Oncology & Biotech News
December 2011
Volume 25
Issue 12

NKTR 102 Will Move to a Phase III Trial in Pretreated Metastatic Breast Cancer


A phase II study of NKTR 102 suggest that this agent will find a role in the treatment of patients with heavily pretreated metastatic breast cancer whose disease is progressing.

Edith A. Perez, MD

Final results of a phase II study of NKTR 102 suggest that this agent will find a role in the treatment of patients with heavily pretreated metastatic breast cancer whose disease is progressing. NKTR 102 achieved about a 30% objective response rate (ORR) in heavily pretreated patients with poor prognosis, including subsets of patients with triple-negative metastatic breast cancer (ORR 39%), patients with visceral metastasis (ORR 30%), and patients previously treated with anthracyclines, taxanes, and capecitabine.
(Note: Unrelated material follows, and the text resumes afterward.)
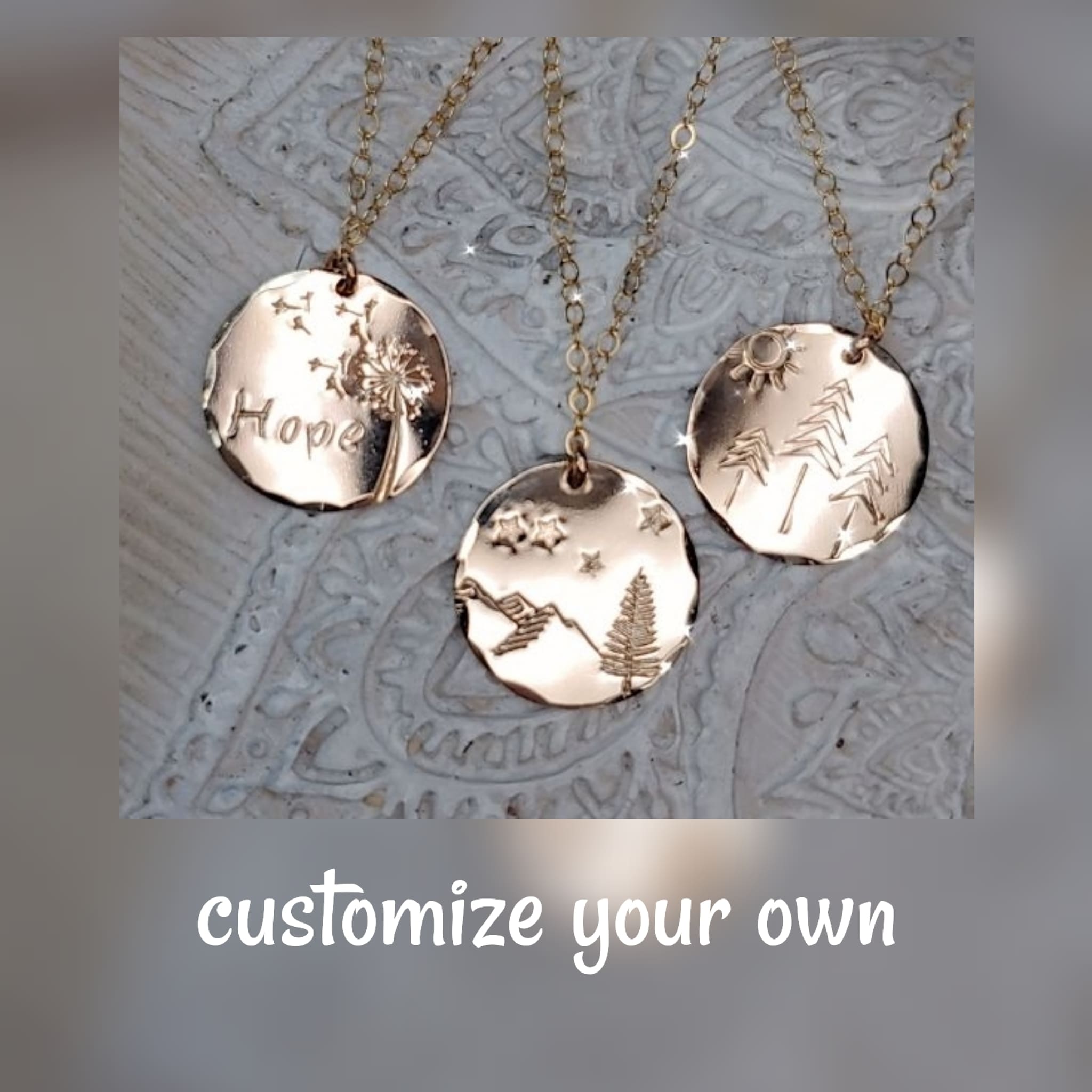 Customize your 16 mm….5/8 inch coin necklace Mention in notes below how you would like your coin made. In the photo you will see how this 5/8 inch coin looks on…..it is layered with the largest 3/4 coin.

The drug NKTR 102 will be brought forward to a phase III study called Breast Cancer Outcomes with NKTR 102 (BEACON).

“We are very fortunate to have a new formulation of irinotecan,” said senior investigator Edith A. Perez, MD, deputy director of the Mayo Clinic Cancer Center, Gainesville, Florida. Perez presented the final results of the study at the Chemotherapy Foundation Symposium.

NKTR 102 is a topoisomerase inhibitor polymer conjugate, which is an improved formulation of irinotecan, showing superior tumor control in xenografts in breast cancer models. NKTR 102 does not penetrate the vasculature of normal tissues, but the prodrug does enter the leaky vasculature of tumors and releases active drug.

“Moreover, other pharmacokinetic properties make it appealing in the setting of breast cancer,” Perez explained. These include its extended halflife compared with irinotecan, as well as a lower peak initial concentration and higher trough level, which suggests improved consistency in exposure to active drug.

The phase II trial included 70 patients with metastatic breast cancer who received at least 2 prior regimens. Patients were randomized to a onceevery- 14-day schedule (q 14 days) versus a once-every-21-day schedule (q 21 days), with the primary endpoint of ORR. Patients who responded in stage I moved on to stage II.

Median age was about 54 years, about two-thirds were estrogen receptor (ER)-positive and/or progesterone receptor (PR)-positive, and about one-third were triple-negative (ER-, PR-, and HER2-negative). About 90% received prior anthracyclines, and 100% received prior taxanes.

“The median time from administration of last chemotherapy was 1.1 months, which suggests the highly refractory nature of these patients,” Perez said.

ORR by Response Evaluation Criteria in Solid Tumors (RECIST) was 29% (32% for q 14 schedule and 26% for q 21 schedule). Clinical benefit (ORR plus stable disease for at least 6 mo) was 46% overall, and 42% and 49%, for the q 14 and q 21 schedules, respectively.

“Looking at response rates by prior therapy, we saw an outstanding rate of ORR independent of treatment with the three classic agents for metastatic breast cancer: taxanes, anthracyclines, and capecitabine,” Perez said.

The rate of overall progression-free survival (PFS) was a median of 4.6 months: 3.5 months for q 14 days and 5.3 months for q 21 days. The rate of overall survival was a median of 10.3 months: 8.8 for q 14 days and 13.1 for q 21 days.

Drug-related adverse events of interest were grade 3 diarrhea (17% and 23% on the 2 schedules, respectively) and grade 3 neutropenia (6% and 9%, respectively). No patients developed febrile neutropenia on the q 14-day schedule, and 3% developed it on the q 21- day schedule. The rate of grade 2 alopecia was very low: 0 for the q 14-day schedule and 3% for the q 21-day schedule.

“Of note, we did not premedicate these patients to prevent diarrhea or neutropenia,” Perez said. “The pattern for grade 3 or higher diarrhea and neutropenia was for it to occur with continuing therapy, typically after 3 months.”

The q 21-day schedule will be moved forward to the phase III BEACON trial because it had slightly better tolerability, higher response rates, and more convenience for patients. BEACON, now in the planning stages in the US and other parts of the world, has a target enrollment of 840 patients with advanced refractory metastatic breast cancer pretreated with anthracyclines, taxanes, and capecitabine. Patients will be randomized to single-agent NKTR 102 q 21 days or physician’s choice for single-agent therapy, with the primary endpoint of overall survival. Perez will be a lead investigator.